*** Records shown Section Begins ***

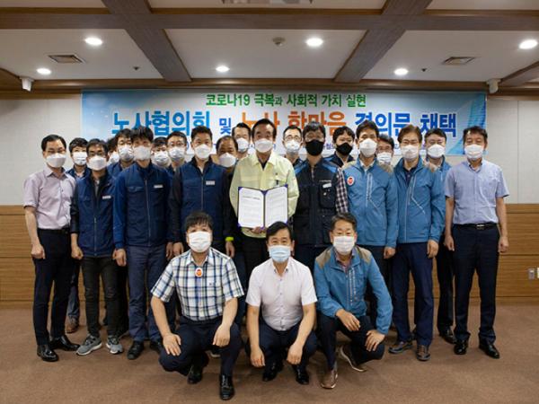 이번 행사는 대구도시철도공사와 양 노조 간 상생과 협력의 노사관계를 바탕으로 코로나19로 인한 사회?경제적 위기를 함께 극복하고 지역사회에 공기업으로서 사회적 책임을 다하고자 마련됐다.
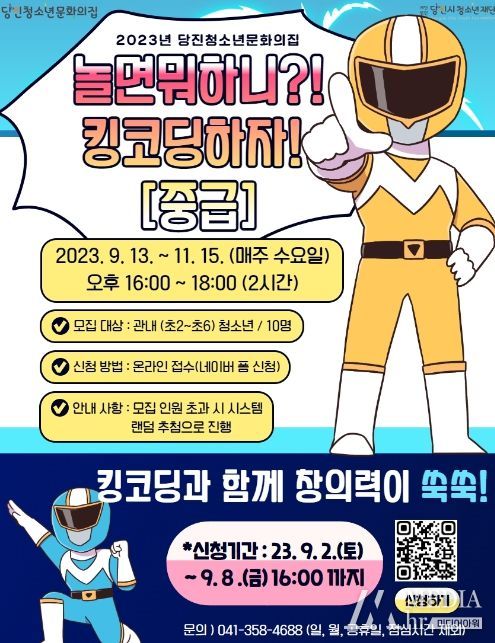 미디어아워 이다정 기자 | 당진청소년문화의집에서는 ‘2023년 놀면뭐하니?! 킹코딩하자! [중급]’ 프로그램을 9월 13일부터 11월 15일까지 총 10회기 동안 평일 프로그램으로 무료로 개설한다.
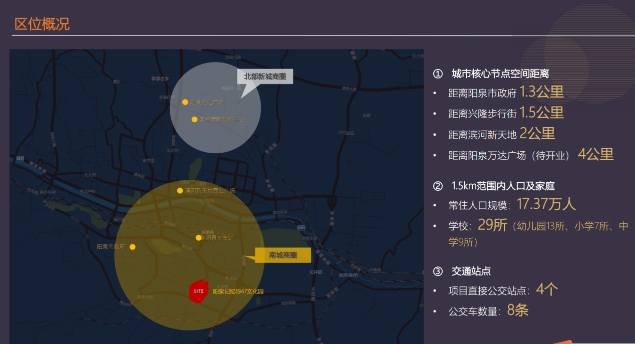 “阳泉记忆•1947”文化园作为山西省首个大型文旅综合体项目,占地144.9亩,位于南庄路118号,与阳泉站等重要城市交通枢纽仅1.3公里。周边1.5公里范围内17万人口,29所学校。周边4个交通站点,8个公交线路,快速串联阳泉城市各个板块商业消费。优越的地理位置与密集的城市人口为阳泉记忆▪1947文化园的升级奠定了良好的基础。
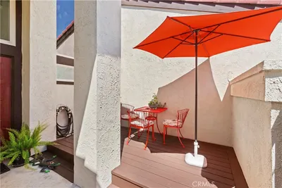Citrus Pointe at the Orchards is a commuters delight! Uplands private modern community is in the ideal spot for accessing the freeways, the metrolink and close to the heart of Uplands downtown active lifestyle. This three story town home has the BEST location in the complex. As an end unit, there is only one shared neighbor, views of the mountains, two car garage, adjacent to the pool, clubhouse and lots of parking nearby. Showcasing a downstairs patio with a Mediterranean entrance it opens to a downstairs room with a ceiling fan, a closet and a half bath. (No other unit boasts this feature in the ENTIRE community). Gorgeous bamboo hardwood flooring in the family room, recessed lighting, quartz kitchen counter tops, stainless steel appliances and a custom built peninsula with a hidden and accessible built-in butcher block. The home has upgraded all floor, contemporary light fixtures and clean cabinetry throughout. The Master bath has beautiful modern tile flooring, dual vanity, new dark cabinetry and a view of the distant mountains. The secondary master has earth toned tiles and a clean quartz bath vanity. The 2 car ATTACHED garage has new recessed lighting, tank-less water heater, soft water system, over head storage racks, custom cabinetry and high grade epoxy flooring. The tri-level is designed for privacy and convenience for the busy life style and near the historical part of Upland that captures the ambiance of it all.
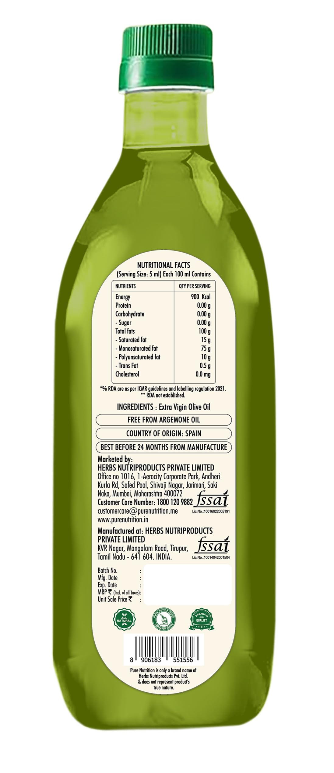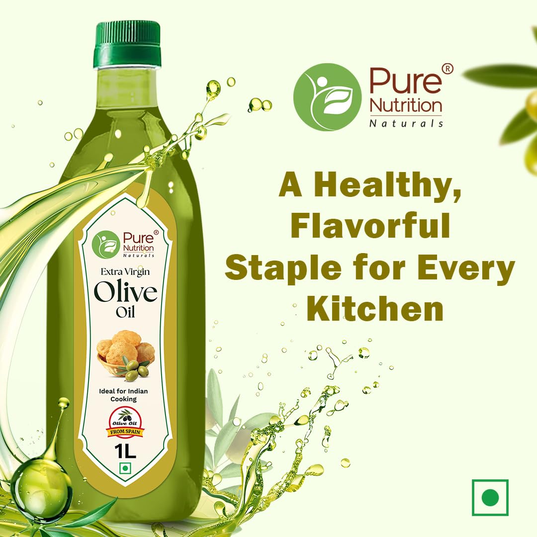 Elevate your culinary creations with Pure Nutrition Extra Virgin Olive Oil. This 100% pure and edible oil is perfect for Indian cooking dressings and garnishing adding a rich flavor to your dishes. Packed with health benefits it's also great for skin and hair care. Conveniently housed in a 1-liter pet bottle itâs a must-have for every kitchen!
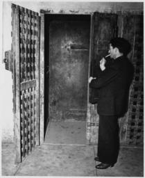 Keywords: Taos County, New Mexico. Sheriff Montoya displays, with some pride, the tiny cell in which are lock . . . - NARA - 521886.jpg Scope and content Full caption reads as follows Taos County New Mexico Sheriff Montoya displays with some pride the tiny cell in which are locked drunks who won't behave or special important tough prisoners with whom he wishes to take no chances The box in which his hand holds the inserted key is an enormous lock which holds the bolt of the cell door Cell is the size of a large closet General notes 521886 Local identifier 83-G-41659 Department of Agriculture Bureau of Agricultural Economics Division of Economic Information ca 1922 - ca 1953 NARA-Author Rusinow Irving Photographer 5307166 <br /> Still Picture Records Section Special Media Archives Services Division NWCS-S National Archives at College Park 8601 Adelphi Road College Park MD 20740-6001 12/1941 Record group Record Group 83 Records of the Bureau of Agricultural Economics 1876 - 1959 Record group ARC 412 Photographic Prints Documenting Programs and Activities of the Bureau of Agricultural Economics and Predecessor Agencies compiled ca 1922 - ca 1947 documenting the period ca 1911 - ca 1947 Series ARC 521048 File unit File unit ARC Variant control numbers NAIL Control Number NWDNS-83-G-41659 Other versions <gallery> File Taos_County _New_Mexico _Sheriff_Montoya_displays _with_some_pride _the_tiny_cell_in_which_are_lock_ _ _ _-_NARA_-_521886 tif tif File Taos_County _New_Mexico _Sheriff_Montoya_displays _with_some_pride _the_tiny_cell_in_which_are_lock_ _ _ _-_NARA_-_521886 jpg jpg </gallery> NARA-cooperation PD-USGov Irving Rusinow 1941 in Taos County |

*** Records shown Section Ends ***

*To do*.
Pictures must be left out when the records are transcribed exactly.

*Written solution*.
 이번 행사는 대구도시철도공사와 양 노조 간 상생과 협력의 노사관계를 바탕으로 코로나19로 인한 사회?경제적 위기를 함께 극복하고 지역사회에 공기업으로서 사회적 책임을 다하고자 마련됐다.
 미디어아워 이다정 기자 | 당진청소년문화의집에서는 ‘2023년 놀면뭐하니?! 킹코딩하자! [중급]’ 프로그램을 9월 13일부터 11월 15일까지 총 10회기 동안 평일 프로그램으로 무료로 개설한다.
 “阳泉记忆•1947”文化园作为山西省首个大型文旅综合体项目,占地144.9亩,位于南庄路118号,与阳泉站等重要城市交通枢纽仅1.3公里。周边1.5公里范围内17万人口,29所学校。周边4个交通站点,8个公交线路,快速串联阳泉城市各个板块商业消费。优越的地理位置与密集的城市人口为阳泉记忆▪1947文化园的升级奠定了良好的基础。
Citrus Pointe at the Orchards is a commuters delight! Uplands private modern community is in the ideal spot for accessing the freeways, the metrolink and close to the heart of Uplands downtown active lifestyle. This three story town home has the BEST location in the complex. As an end unit, there is only one shared neighbor, views of the mountains, two car garage, adjacent to the pool, clubhouse and lots of parking nearby. Showcasing a downstairs patio with a Mediterranean entrance it opens to a downstairs room with a ceiling fan, a closet and a half bath. (No other unit boasts this feature in the ENTIRE community). Gorgeous bamboo hardwood flooring in the family room, recessed lighting, quartz kitchen counter tops, stainless steel appliances and a custom built peninsula with a hidden and accessible built-in butcher block. The home has upgraded all floor, contemporary light fixtures and clean cabinetry throughout. The Master bath has beautiful modern tile flooring, dual vanity, new dark cabinetry and a view of the distant mountains. The secondary master has earth toned tiles and a clean quartz bath vanity. The 2 car ATTACHED garage has new recessed lighting, tank-less water heater, soft water system, over head storage racks, custom cabinetry and high grade epoxy flooring. The tri-level is designed for privacy and convenience for the busy life style and near the historical part of Upland that captures the ambiance of it all.
 Elevate your culinary creations with Pure Nutrition Extra Virgin Olive Oil. This 100% pure and edible oil is perfect for Indian cooking dressings and garnishing adding a rich flavor to your dishes. Packed with health benefits it's also great for skin and hair care. Conveniently housed in a 1-liter pet bottle itâs a must-have for every kitchen!
 Keywords: Taos County, New Mexico. Sheriff Montoya displays, with some pride, the tiny cell in which are lock . . . - NARA - 521886.jpg Scope and content Full caption reads as follows Taos County New Mexico Sheriff Montoya displays with some pride the tiny cell in which are locked drunks who won't behave or special important tough prisoners with whom he wishes to take no chances The box in which his hand holds the inserted key is an enormous lock which holds the bolt of the cell door Cell is the size of a large closet General notes 521886 Local identifier 83-G-41659 Department of Agriculture Bureau of Agricultural Economics Division of Economic Information ca 1922 - ca 1953 NARA-Author Rusinow Irving Photographer 5307166 <br /> Still Picture Records Section Special Media Archives Services Division NWCS-S National Archives at College Park 8601 Adelphi Road College Park MD 20740-6001 12/1941 Record group Record Group 83 Records of the Bureau of Agricultural Economics 1876 - 1959 Record group ARC 412 Photographic Prints Documenting Programs and Activities of the Bureau of Agricultural Economics and Predecessor Agencies compiled ca 1922 - ca 1947 documenting the period ca 1911 - ca 1947 Series ARC 521048 File unit File unit ARC Variant control numbers NAIL Control Number NWDNS-83-G-41659 Other versions <gallery> File Taos_County _New_Mexico _Sheriff_Montoya_displays _with_some_pride _the_tiny_cell_in_which_are_lock_ _ _ _-_NARA_-_521886 tif tif File Taos_County _New_Mexico _Sheriff_Montoya_displays _with_some_pride _the_tiny_cell_in_which_are_lock_ _ _ _-_NARA_-_521886 jpg jpg </gallery> NARA-cooperation PD-USGov Irving Rusinow 1941 in Taos County |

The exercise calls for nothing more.